WHAT YOU SHOULD DO -> Everything in the records must be reproduced exactly, except for the pictures.
[[ SOURCE DATA open ]]
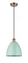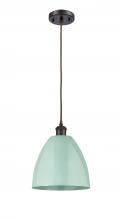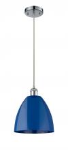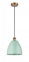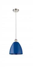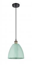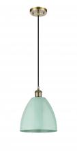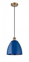 Plymouth - 1 Light - 9 inch - Antique Brass - Blue Shade - Cord hung - Mini Pendant
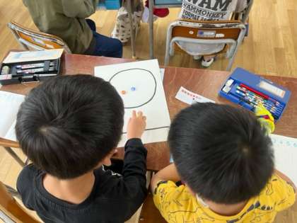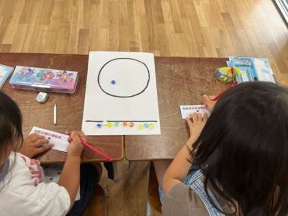 おはじきを使ってゲームをした後に、10はいくつといくつに分けられるのか考えました。
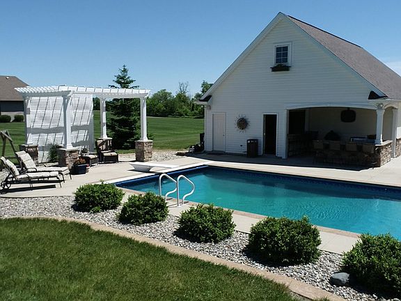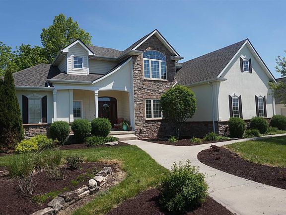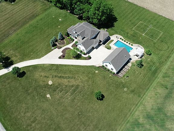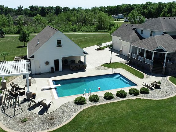 Minutes to Parkview Regional Med Ctr., Dupont Hospital, and Northwest Allen County Schools, this property is a "must see!" Gerardot Architecture/ Amstutz Builder, this beautiful two story house with full, finished daylight basement on 2.8 acres offers practical and stylish design. The large kitchen has a 6x5 pantry, island with raised bar, a hearth room with fireplace, and a progressive household manager center. Step outside to large deck & pergola with outdoor kitchen complete with a fireplace and pizza oven, overlooking an in-ground pool. The views to a natural setting of woods and fields will be perfect for bonfires with friends and family. The detached garage is equipped to provide office space, storage of hobby equipment, more parking, and a pool-side kitchen/bar. The main floor master suite will be a lovely owner's retreat. The master bath offers his/her vanities & closets, a private shower room and soaking tub. The finished basement provides an open space for TV, movies & recreation, exercise /office /playroom, and a full wet-bar. The detached garage is heated with a 2nd furnace, has a walk-up attic, gear room, half bath, & office space, in addition to additional car/boat storage. The in-ground 18x36 pool has a cover and depths 4'-9'. The deck and pergola was installed by Merv Zehr and provides additional space for entertaining. Don't miss this one-of-a-kind property!
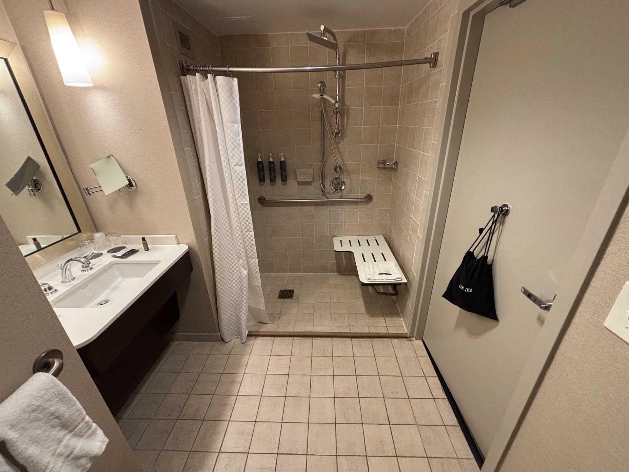 Roll-in shower and accessible room at The Westin Savannah Harbor Golf Resort & Spa
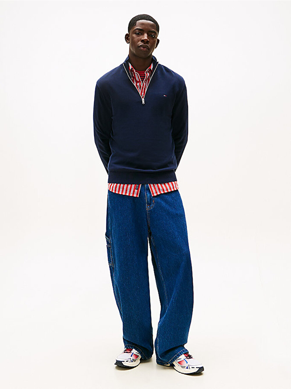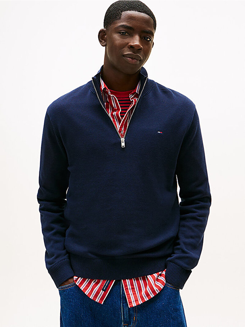 Bu kazak, hafif bir his veren penye pamuktan yapılmıştır, slim fit kesimi ve çeyrek fermuarlı yakası ise sportif bir enerji katar.
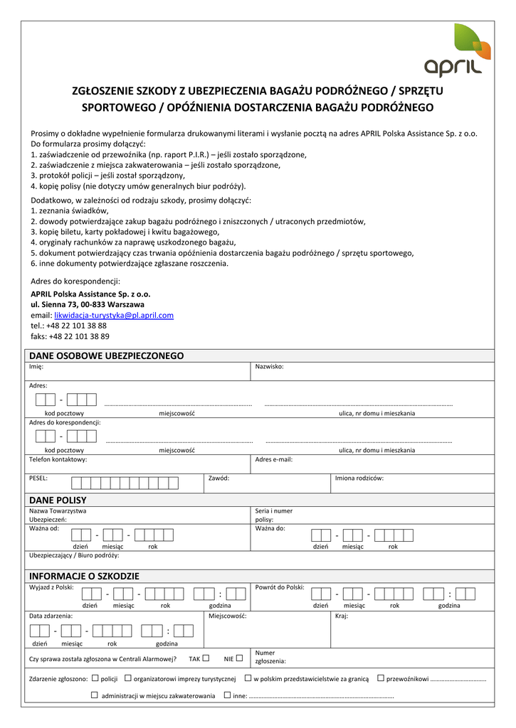 ZGŁOSZENIE SZKODY Z UBEZPIECZENIA BAGAŻU PODRÓŻNEGO / SPRZĘTU SPORTOWEGO / OPÓŹNIENIA DOSTARCZENIA BAGAŻU PODRÓŻNEGO Prosimy o dokładne wypełnienie formularza drukowanymi literami i wysłanie pocztą na adres APRIL Polska Assistance Sp. z o.o. Do formularza prosimy dołączyć: 1. zaświadczenie od przewoźnika (np. raport P.I.R.) – jeśli zostało sporządzone, 2. zaświadczenie z miejsca zakwaterowania – jeśli zostało sporządzone, 3. protokół policji – jeśli został sporządzony, 4. kopię polisy (nie dotyczy umów generalnych biur podróży). Dodatkowo, w zależności od rodzaju szkody, prosimy dołączyć: 1. zeznania świadków, 2. dowody potwierdzające zakup bagażu podróżnego i zniszczonych / utraconych przedmiotów, 3. kopię biletu, karty pokładowej i kwitu bagażowego, 4. oryginały rachunków za naprawę uszkodzonego bagażu, 5. dokument potwierdzający czas trwania opóźnienia dostarczenia bagażu podróżnego / sprzętu sportowego, 6. inne dokumenty potwierdzające zgłaszane roszczenia. Adres do korespondencji: APRIL Polska Assistance Sp. z o.o. ul. Sienna 73, 00-833 Warszawa email: [email protected] tel.: +48 22 101 38 88 faks: +48 22 101 38 89 DANE OSOBOWE UBEZPIECZONEGO Imię: Nazwisko: Adres: kod pocztowy Adres do korespondencji: kod pocztowy Telefon kontaktowy: ……………………………………………………………………………..... miejscowość ………………………………………………………………………………………………………. ulica, nr domu i mieszkania ……………………………………………………………………………….. miejscowość ……………………………………………………………………………………………………… ulica, nr domu i mieszkania Adres e-mail: PESEL: Zawód: Imiona rodziców: DANE POLISY Nazwa Towarzystwa Ubezpieczeń: Ważna od: - Seria i numer polisy: Ważna do: - dzień miesiąc Ubezpieczający / Biuro podróży: rok dzień miesiąc rok INFORMACJE O SZKODZIE Wyjazd z Polski: dzień miesiąc rok godzina Miejscowość: Data zdarzenia: dzień miesiąc dzień miesiąc Kraj: - : rok godzina : rok godzina Czy sprawa została zgłoszona w Centrali Alarmowej? Zdarzenie zgłoszono: Powrót do Polski: : TAK □ NIE □ Numer zgłoszenia: □ policji □ organizatorowi imprezy turystycznej □ w polskim przedstawicielstwie za granicą □ przewoźnikowi …………………………….. □ administracji w miejscu zakwaterowania □ inne: ………………………………………………………………………………. Szkoda powstała wskutek: □ zaginięcia / zagubienia przez …………………………………………………………………………………………………… □ kradzieży bez włamania / kradzieży z włamaniem* z: □ przechowalni bagażu □ zamkniętego indywidualnego pomieszczenia bagażowego na dworcu / lotnisku* □ zamkniętego miejsca zakwaterowania □ zamkniętej kabiny jednostki pływającej / przyczepy kempingowej □ samochodu □ terenu strzeżonego □ podczas przewozu wykonywanego przez zawodowego przewoźnika □ konfiskaty □ opóźnienia w dostarczeniu □ zdarzenia losowego (trzęsienie ziemi / powódź / huragan / pożar */ inne: …………………………………………………………………..) □ akcji ratowniczej prowadzonej w związku ze zdarzeniami losowymi □ nieszczęśliwego wypadku / nagłego zachorowania* powodujących pozbawienie możliwości zaopiekowania się bagażem lub jego zabezpieczenia □ wypadku lub katastrofy środka komunikacji lądowej / powietrznej / wodnej* □ inne: ………………………………………………………………………………………………………………………………………… * niepotrzebne skreślić Szczegóły lotu, podczas którego doszło do opóźnienia dostarczenia bagażu podróżnego / sprzętu sportowego (daty, godziny, trasa podróży): Szczegółowy opis zdarzenia: Jeśli są świadkowie zdarzenia to podać nazwiska i imiona oraz dane teleadresowe: Wykaz rzeczy zniszczonych / utraconych lub zakupionych przedmiotów osobistego użytku: Nazwa przedmiotu Rodzaj materiału, marka, typ Stopień zużycia Ogółem całkowita wysokość zgłoszonych roszczeń: …………………………………………………………………………… złotych Data i cena zakupu Stopień uszkodzenia Czy wystąpił Pan / Pani o odszkodowanie / zaliczkę za zniszczony / utracony / opóźniony bagaż / sprzęt sportowy, do przewoźnika, administracji w miejscu zakwaterowania itp.? TAK □ NIE □ Jeśli tak to proszę podać kwotę uzyskanego odszkodowania / zaliczki i przez kogo zostało wypłacone: Czy posiada Pan / Pani inna polisę obejmującą to zdarzenie? TAK □ NIE □ Jeśli tak, prosimy podać nazwę zakładu ubezpieczeń i serię oraz numer polisy: OŚWIADCZENIE 1. Oświadczam, że wszelkie dane i informacje zostały przeze mnie podane zgodnie z prawdą i według najlepszej wiedzy. 2. Oświadczam, że jestem świadomy(a), że podanie informacji nieprawdziwych może spowodować wydanie przez Ubezpieczyciela decyzji o odmowie wypłaty odszkodowania na podstawie art. 815§3 kodeksu cywilnego (Dz.U.1964.16.93) oraz może stanowić podstawę do pociągnięcia zgłaszającego do odpowiedzialności karnej za przestępstwo określone w art. 286 kodeksu karnego (Dz.U.1997.88.553), zgodnie z którym ”Kto, w celu osiągnięcia korzyści majątkowej, doprowadza inną osobę do niekorzystnego rozporządzenia własnym lub cudzym mieniem za pomocą wprowadzenia jej w błąd albo wyzyskania błędu lub niezdolności do należytego pojmowania przedsiębranego działania, podlega karze pozbawienia wolności od 6 miesięcy do lat 8”. 3. Wyrażam zgodę na przetwarzanie danych osobowych przez APRIL Polska Assistance Sp. z o.o. z siedzibą w Warszawie przy ul. Siennej 73 w cel
[[ SOURCE DATA closed ]]
ANSWER SECTION ->
 Plymouth - 1 Light - 9 inch - Antique Brass - Blue Shade - Cord hung - Mini Pendant
 おはじきを使ってゲームをした後に、10はいくつといくつに分けられるのか考えました。
 Minutes to Parkview Regional Med Ctr., Dupont Hospital, and Northwest Allen County Schools, this property is a "must see!" Gerardot Architecture/ Amstutz Builder, this beautiful two story house with full, finished daylight basement on 2.8 acres offers practical and stylish design. The large kitchen has a 6x5 pantry, island with raised bar, a hearth room with fireplace, and a progressive household manager center. Step outside to large deck & pergola with outdoor kitchen complete with a fireplace and pizza oven, overlooking an in-ground pool. The views to a natural setting of woods and fields will be perfect for bonfires with friends and family. The detached garage is equipped to provide office space, storage of hobby equipment, more parking, and a pool-side kitchen/bar. The main floor master suite will be a lovely owner's retreat. The master bath offers his/her vanities & closets, a private shower room and soaking tub. The finished basement provides an open space for TV, movies & recreation, exercise /office /playroom, and a full wet-bar. The detached garage is heated with a 2nd furnace, has a walk-up attic, gear room, half bath, & office space, in addition to additional car/boat storage. The in-ground 18x36 pool has a cover and depths 4'-9'. The deck and pergola was installed by Merv Zehr and provides additional space for entertaining. Don't miss this one-of-a-kind property!
 Roll-in shower and accessible room at The Westin Savannah Harbor Golf Resort & Spa
 Bu kazak, hafif bir his veren penye pamuktan yapılmıştır, slim fit kesimi ve çeyrek fermuarlı yakası ise sportif bir enerji katar.
 ZGŁOSZENIE SZKODY Z UBEZPIECZENIA BAGAŻU PODRÓŻNEGO / SPRZĘTU SPORTOWEGO / OPÓŹNIENIA DOSTARCZENIA BAGAŻU PODRÓŻNEGO Prosimy o dokładne wypełnienie formularza drukowanymi literami i wysłanie pocztą na adres APRIL Polska Assistance Sp. z o.o. Do formularza prosimy dołączyć: 1. zaświadczenie od przewoźnika (np. raport P.I.R.) – jeśli zostało sporządzone, 2. zaświadczenie z miejsca zakwaterowania – jeśli zostało sporządzone, 3. protokół policji – jeśli został sporządzony, 4. kopię polisy (nie dotyczy umów generalnych biur podróży). Dodatkowo, w zależności od rodzaju szkody, prosimy dołączyć: 1. zeznania świadków, 2. dowody potwierdzające zakup bagażu podróżnego i zniszczonych / utraconych przedmiotów, 3. kopię biletu, karty pokładowej i kwitu bagażowego, 4. oryginały rachunków za naprawę uszkodzonego bagażu, 5. dokument potwierdzający czas trwania opóźnienia dostarczenia bagażu podróżnego / sprzętu sportowego, 6. inne dokumenty potwierdzające zgłaszane roszczenia. Adres do korespondencji: APRIL Polska Assistance Sp. z o.o. ul. Sienna 73, 00-833 Warszawa email: [email protected] tel.: +48 22 101 38 88 faks: +48 22 101 38 89 DANE OSOBOWE UBEZPIECZONEGO Imię: Nazwisko: Adres: kod pocztowy Adres do korespondencji: kod pocztowy Telefon kontaktowy: ……………………………………………………………………………..... miejscowość ………………………………………………………………………………………………………. ulica, nr domu i mieszkania ……………………………………………………………………………….. miejscowość ……………………………………………………………………………………………………… ulica, nr domu i mieszkania Adres e-mail: PESEL: Zawód: Imiona rodziców: DANE POLISY Nazwa Towarzystwa Ubezpieczeń: Ważna od: - Seria i numer polisy: Ważna do: - dzień miesiąc Ubezpieczający / Biuro podróży: rok dzień miesiąc rok INFORMACJE O SZKODZIE Wyjazd z Polski: dzień miesiąc rok godzina Miejscowość: Data zdarzenia: dzień miesiąc dzień miesiąc Kraj: - : rok godzina : rok godzina Czy sprawa została zgłoszona w Centrali Alarmowej? Zdarzenie zgłoszono: Powrót do Polski: : TAK □ NIE □ Numer zgłoszenia: □ policji □ organizatorowi imprezy turystycznej □ w polskim przedstawicielstwie za granicą □ przewoźnikowi …………………………….. □ administracji w miejscu zakwaterowania □ inne: ………………………………………………………………………………. Szkoda powstała wskutek: □ zaginięcia / zagubienia przez …………………………………………………………………………………………………… □ kradzieży bez włamania / kradzieży z włamaniem* z: □ przechowalni bagażu □ zamkniętego indywidualnego pomieszczenia bagażowego na dworcu / lotnisku* □ zamkniętego miejsca zakwaterowania □ zamkniętej kabiny jednostki pływającej / przyczepy kempingowej □ samochodu □ terenu strzeżonego □ podczas przewozu wykonywanego przez zawodowego przewoźnika □ konfiskaty □ opóźnienia w dostarczeniu □ zdarzenia losowego (trzęsienie ziemi / powódź / huragan / pożar */ inne: …………………………………………………………………..) □ akcji ratowniczej prowadzonej w związku ze zdarzeniami losowymi □ nieszczęśliwego wypadku / nagłego zachorowania* powodujących pozbawienie możliwości zaopiekowania się bagażem lub jego zabezpieczenia □ wypadku lub katastrofy środka komunikacji lądowej / powietrznej / wodnej* □ inne: ………………………………………………………………………………………………………………………………………… * niepotrzebne skreślić Szczegóły lotu, podczas którego doszło do opóźnienia dostarczenia bagażu podróżnego / sprzętu sportowego (daty, godziny, trasa podróży): Szczegółowy opis zdarzenia: Jeśli są świadkowie zdarzenia to podać nazwiska i imiona oraz dane teleadresowe: Wykaz rzeczy zniszczonych / utraconych lub zakupionych przedmiotów osobistego użytku: Nazwa przedmiotu Rodzaj materiału, marka, typ Stopień zużycia Ogółem całkowita wysokość zgłoszonych roszczeń: …………………………………………………………………………… złotych Data i cena zakupu Stopień uszkodzenia Czy wystąpił Pan / Pani o odszkodowanie / zaliczkę za zniszczony / utracony / opóźniony bagaż / sprzęt sportowy, do przewoźnika, administracji w miejscu zakwaterowania itp.? TAK □ NIE □ Jeśli tak to proszę podać kwotę uzyskanego odszkodowania / zaliczki i przez kogo zostało wypłacone: Czy posiada Pan / Pani inna polisę obejmującą to zdarzenie? TAK □ NIE □ Jeśli tak, prosimy podać nazwę zakładu ubezpieczeń i serię oraz numer polisy: OŚWIADCZENIE 1. Oświadczam, że wszelkie dane i informacje zostały przeze mnie podane zgodnie z prawdą i według najlepszej wiedzy. 2. Oświadczam, że jestem świadomy(a), że podanie informacji nieprawdziwych może spowodować wydanie przez Ubezpieczyciela decyzji o odmowie wypłaty odszkodowania na podstawie art. 815§3 kodeksu cywilnego (Dz.U.1964.16.93) oraz może stanowić podstawę do pociągnięcia zgłaszającego do odpowiedzialności karnej za przestępstwo określone w art. 286 kodeksu karnego (Dz.U.1997.88.553), zgodnie z którym ”Kto, w celu osiągnięcia korzyści majątkowej, doprowadza inną osobę do niekorzystnego rozporządzenia własnym lub cudzym mieniem za pomocą wprowadzenia jej w błąd albo wyzyskania błędu lub niezdolności do należytego pojmowania przedsiębranego działania, podlega karze pozbawienia wolności od 6 miesięcy do lat 8”. 3. Wyrażam zgodę na przetwarzanie danych osobowych przez APRIL Polska Assistance Sp. z o.o. z siedzibą w Warszawie przy ul. Siennej 73 w cel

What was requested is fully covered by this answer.